As foolish as he is selfish, he is only slightly daunted by the idea that his wife might find out: "if she left me I'd have been heartbroken, but at least heartbreak is a subject. It's not abuse, but it's still a subject." Working on the same principle, he is aghast when he suspects Vanessa might have been having an affair with a writer he knows well. "It's a rule of the profession that novelists do not sleep with one another's wives or husbands. The reason being that you don't give a rival novelist the material for a book."

What ensues is a fiercely intelligent, fizzing piece of theatre, in which these three characters ricochet across the chapters like summer lightening, accompanied by stormy emotional weather and more than a few soakings in tears. Fears and hopes of adultery season the story, like a latterday Restoration comedy, in which it is not the infidelity that matters so much as its cause.

Riven by jealousies, Zoo Time is an intellectually rich depiction of the animal desires that drive us, and the human feelings that elevate and sadden us. It is also a deeply felt rant against modern society in which, to Guy's alarm, old standards are fading. "It was so hard to be a black-hearted libidinous old devil any more. So hard to be scurrilous with grace. So hard to be a man, fullstop." If the slide into propriety and PC correctitude goes much further, soon only his name will distinguish him from the gals.

In Guy Ableman, Jacobson has created an unforgettable narrator, a character defined by heroic flaws and tender, susceptible heart. He is also "a man in whose head words cavorted like the Ballets Russes", and for much of this substantial novel he proves excellent company. At times, however, he is decidedly trying, and at others so unhinged the reader almost has to look away, unable to watch the chaos he's about to unleash.

If there is a failing, it is that Jacobson's ire and wit are unleashed on a super- abundance of themes. Love, lust and literature are the backbone, but in pursuit of these ideas he adds a backdrop of childhood issues, and the indelible impact on Guy and his wealthy bisexual brother of an upbringing with a flinty, flirty mother who, with their insipid father, ran a high-class dress shop in the Midlands. Today, Guy is viewed as the feckless son he was considered as a boy: "I was the dreamer of the family. I read books, which meant I couldn't be trusted." And even now, the sibling rivalry that began young, still simmers.

There's a lot to digest besides this.
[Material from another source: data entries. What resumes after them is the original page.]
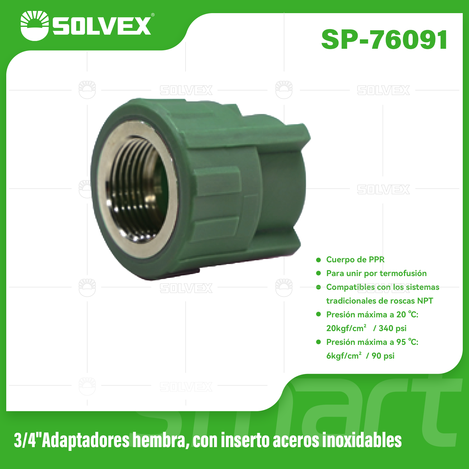 SP-76091 (Caja master 200)(MOQ 10pzs=1bolsa) 3/4"Adaptadores hembra, con inserto aceros inoxidables
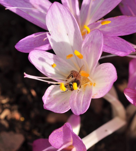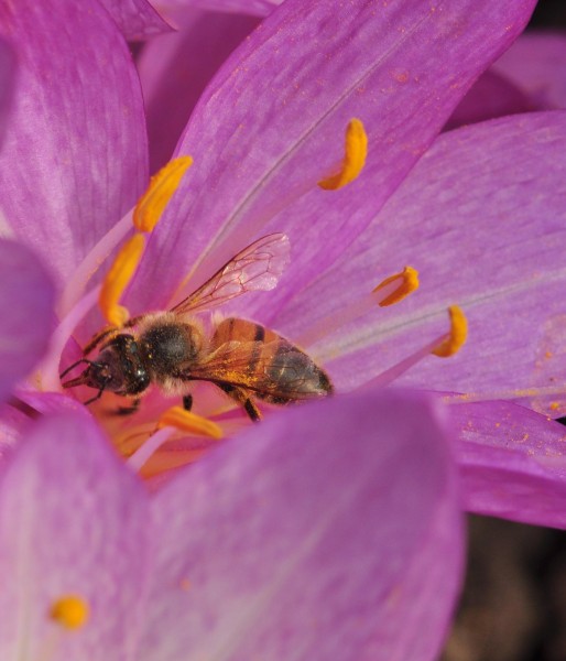 Lorsqu’on observe les abeilles butiner des fleurs de colchique on les voit récolter du pollen directement au niveau des anthères, du nectar au fond de la coupe florale mais aussi lécher les tépales.
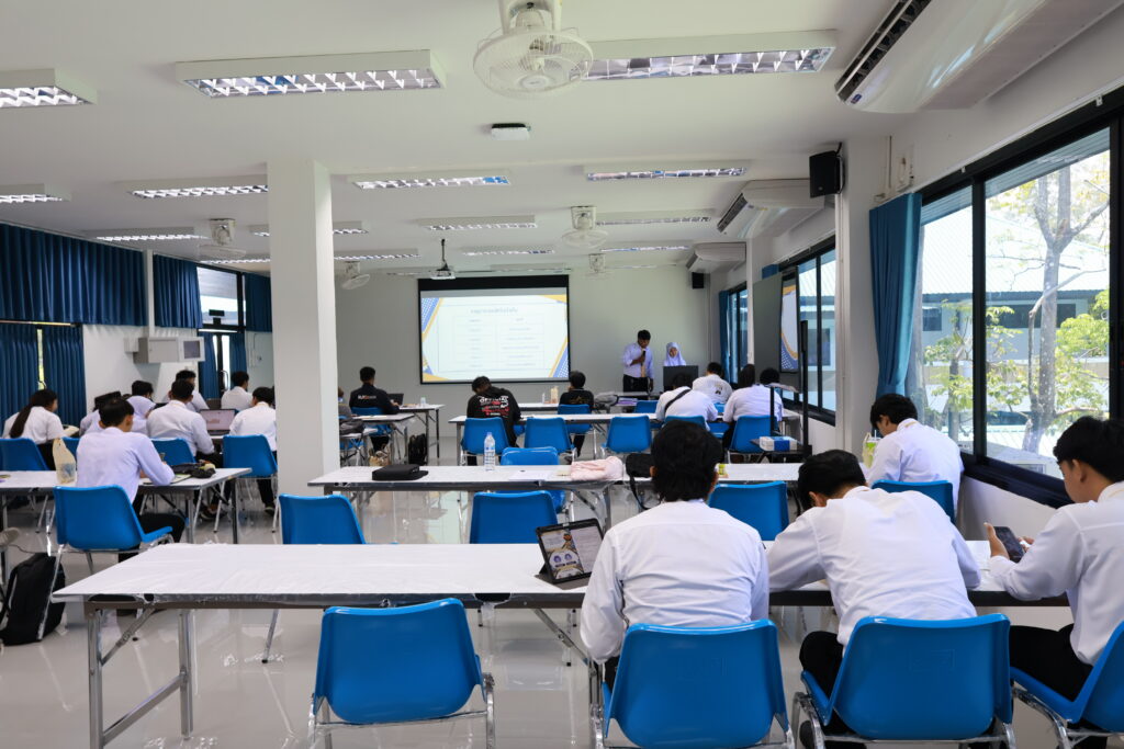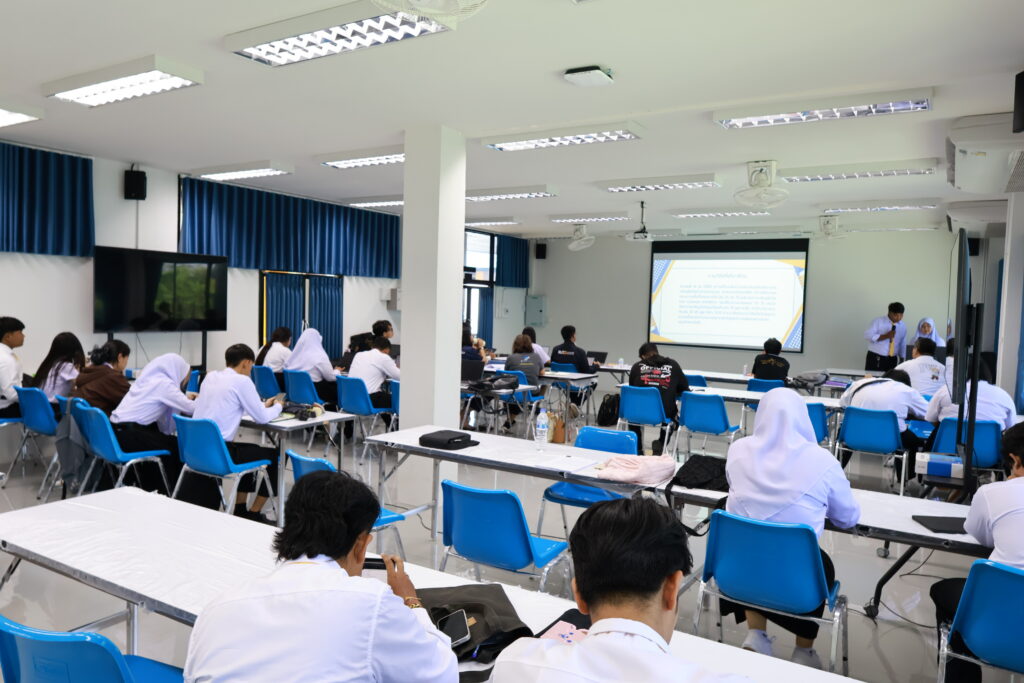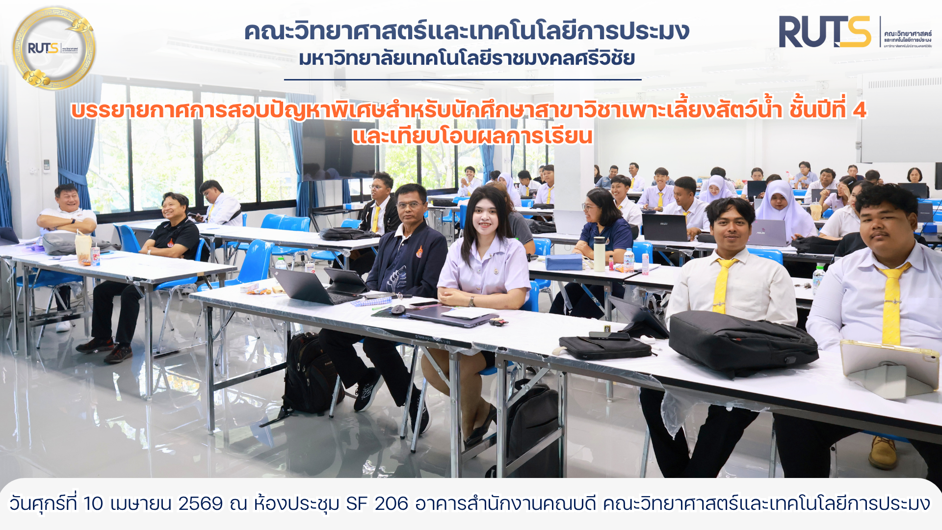บรรยายกาศการสอบปัญหาพิเศษสำหรับ นักศึกษาสาขาวิชาเพาะเลี้ยงสัตว์น้ำ ชั้นปีที่ 4 และนักศึกษาเทียบโอนผลการเรียน เพื่อประเมินความรู้ ความสามารถทางวิชาการ และทักษะด้านการวิจัย ซึ่งนับเป็นอีกหนึ่งก้าวสำคัญในการเตรียมความพร้อมสู่การเป็นบัณฑิตที่มีคุณภาพ ในวันศุกร์ที่ 10 เมษายน 2569 ณ ห้องประชุม SF 206 อาคารสำนักงานคณบดี คณะวิทยาศาสตร์และเทคโนโลยีการประมง
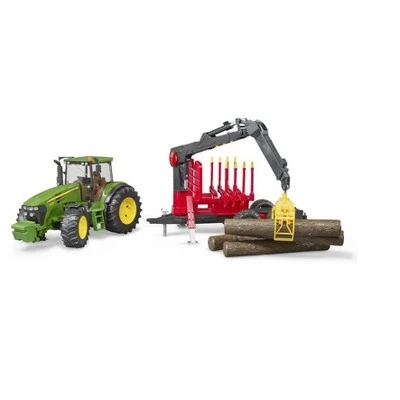 Whether as a building material or for energy Generation, The raw material wood is on trend, and sustainable, efficient forestry is more topical than ever. With the new forestry set from Bruder, This exciting theme can be recreated in an extremely realistic way. This tractor is designed for heavy loads, with a rated output of 245 HP and a capacity of 6. 8 liters. The very detailed model from Bruder features a fully glazed cab with opening doors, a detachable front weight, an off-road, steerable front axle and a height-adjustable drawbar coupling. The unique toy/steering system with steering wheel extension through the cab roof also make this tractor easy to man oeuvre for children, despite the cab glazing. The highly functional forestry trailer takes care of the tree trunk transportation and is already equipped with 4 tree trunks. The model features a rotating and swiveling loading crane, which not only transports the tree trunks but also loads and unloads them. Due to its off-road axles, The trailer can easily cope with even difficult terrain. The world forestry worker (item no. 60030) is the perfect addition to this combination.
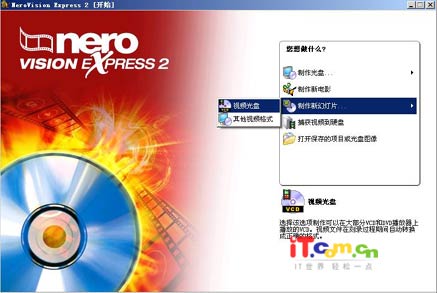 ⑷DVD相册 扫描仪、DC已经是大家很常见的装备了,将照片刻录成DVD相册光盘,在影碟机上播放那将是一件多么开心的事!既然如此,我们就利用Nero的同门兄弟NeroVision Express来制作DVD相册光盘吧。 因为在一张DVD光盘中可以存放数百张高质量的照片,进行分组播放管理一个很好的解决方案。因此在制作DVD相册之前提醒大家将图片按类别存放。 依次点击“开始—程序—Nero—NeroVision Express 2—NeroVision Express”打开软件,在主界面上依次单击“制作新幻灯片—视频光盘”进入DVD相册制作主界面(图11)。
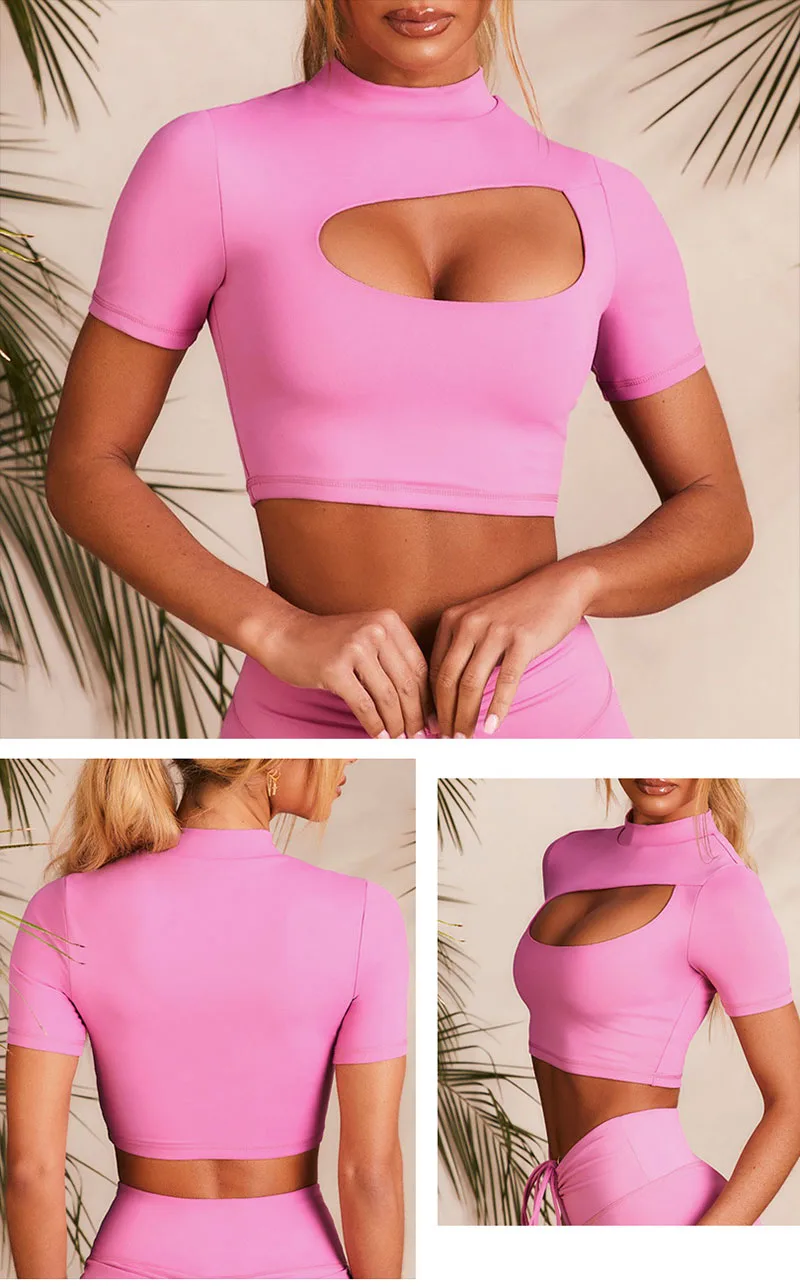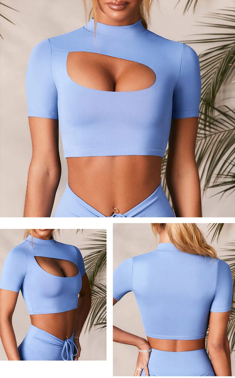 Женские Бесшовные комплекты для йоги с коротким рукавом, Спортивные...
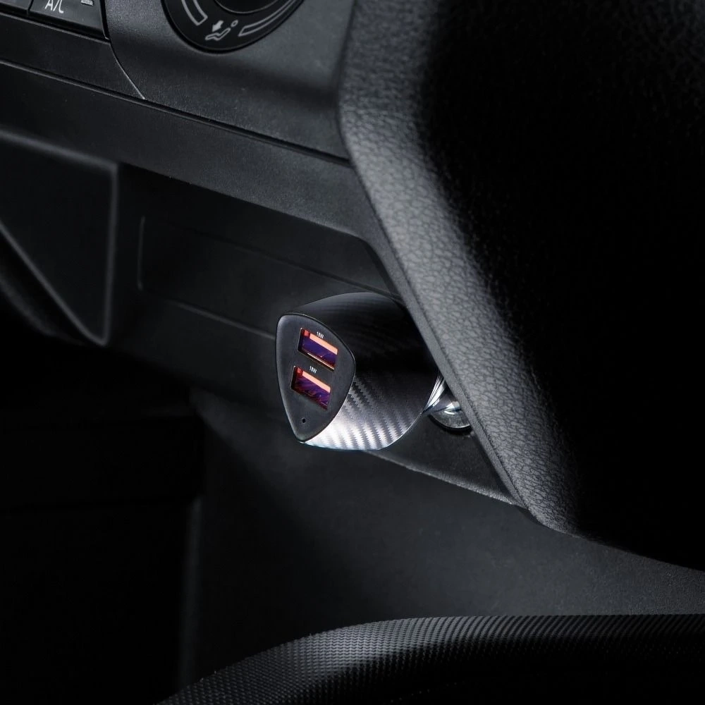 Extrem funktionales Autoladegerät aus der FORCELL CARBON-Serie. Ausgestattet mit einem dualen USB-Ladeanschluss. Unterstützt das Schnellladeprotokoll QC 3.0. Verfügt über ein mehrstufiges Sicherheitssystem.
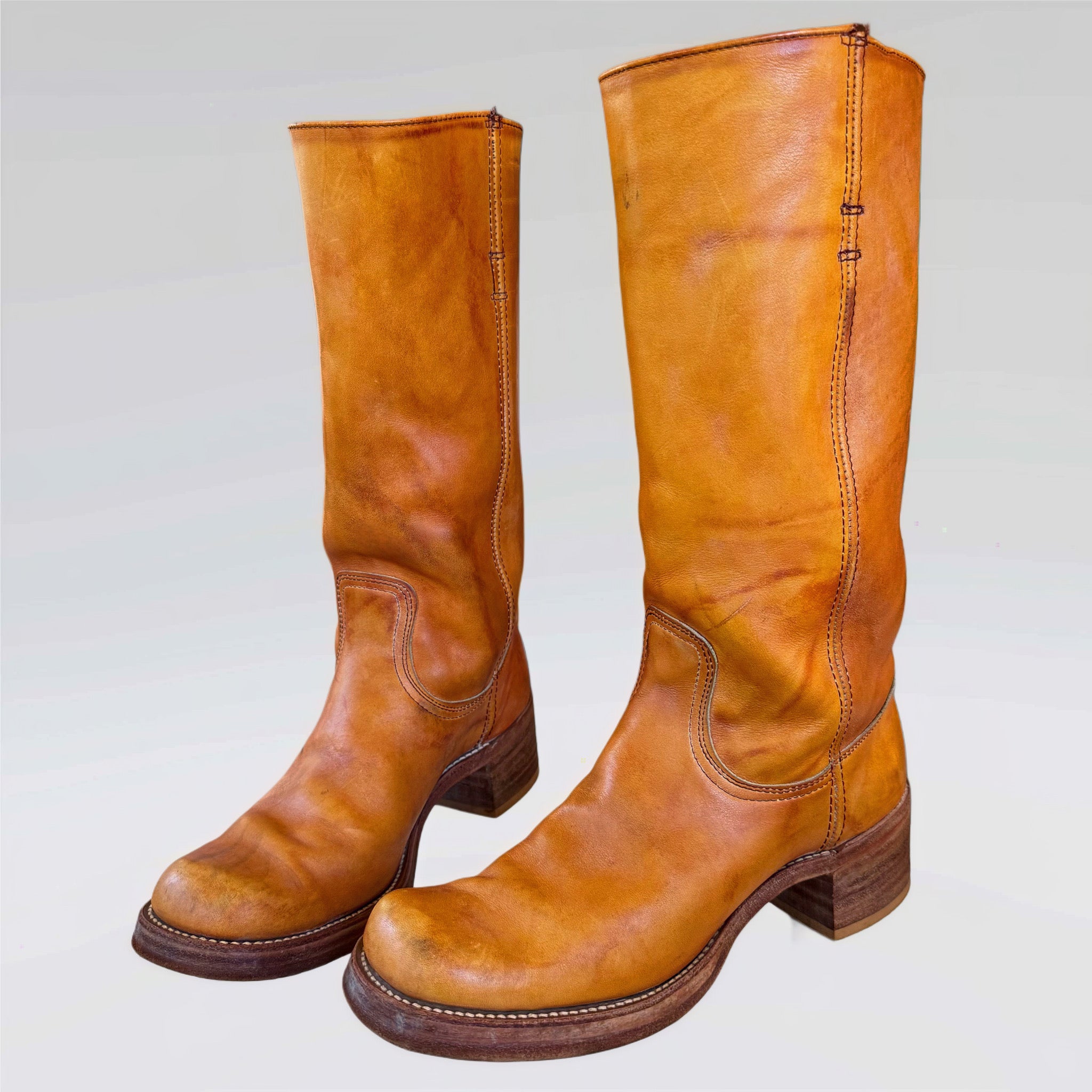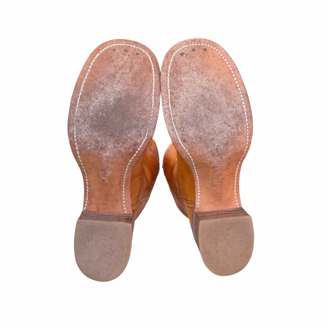 Rare 1960’s - 1970’s Frye true vintage black label treasures. Tall western motorcycle campus boots, benchcrafted in a gorgeous sunrise golden orange-brown leather. Late 60’s to early 1970’s — when Frye made their very best! A tall—mid-calf height, chunky sole and heel, and square toe. Extremely hard to find in these larger women’s sizes—particularly in this condition.
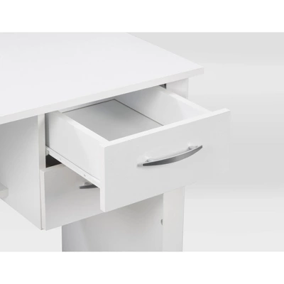 - Two smooth gliding drawers with finished interiors for storage
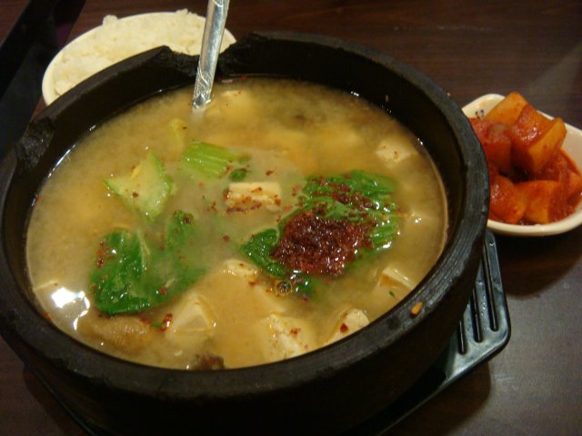 一般都是顺路随便决绝顿饭,快捷简便。拌饭还是比较靠谱的选择,最少热热的运气好的话可以碰到有饭焦,各种蔬菜加上一个煎蛋,拌上韩式甜辣酱,随着吱吱的热气一起搅拌大口口吃,营养结构比较全面吧,味道也不错。

But then Jacobson shares with Guy and many other of his heroes a pyrotechnic mind that never alights long on one subject before darting to the next, and just as swiftly returning. The effect is of a pinball machine – mesmerising and occasionally wearying. Yet even as one yearns for a moment's respite or a paragraph's worth of banality, one is also intensely grateful to be in the presence of such ferment, such resistance to the ordinary or the platitudinous or the pious.

Magnificently eclectic in its range of targets, Zoo Time is a bestiary of betes noir. Few modern novelists better balance the absurd with the artistic, the priapic with the philosophical, the wicked with the wise. A story of love, and a lament for life as well as literature, it is a scorching indictment of an anti-intellectual age in which most readers are greedy for pap, and those who want more than a sugared bun passed to them through the bars are doomed to starve.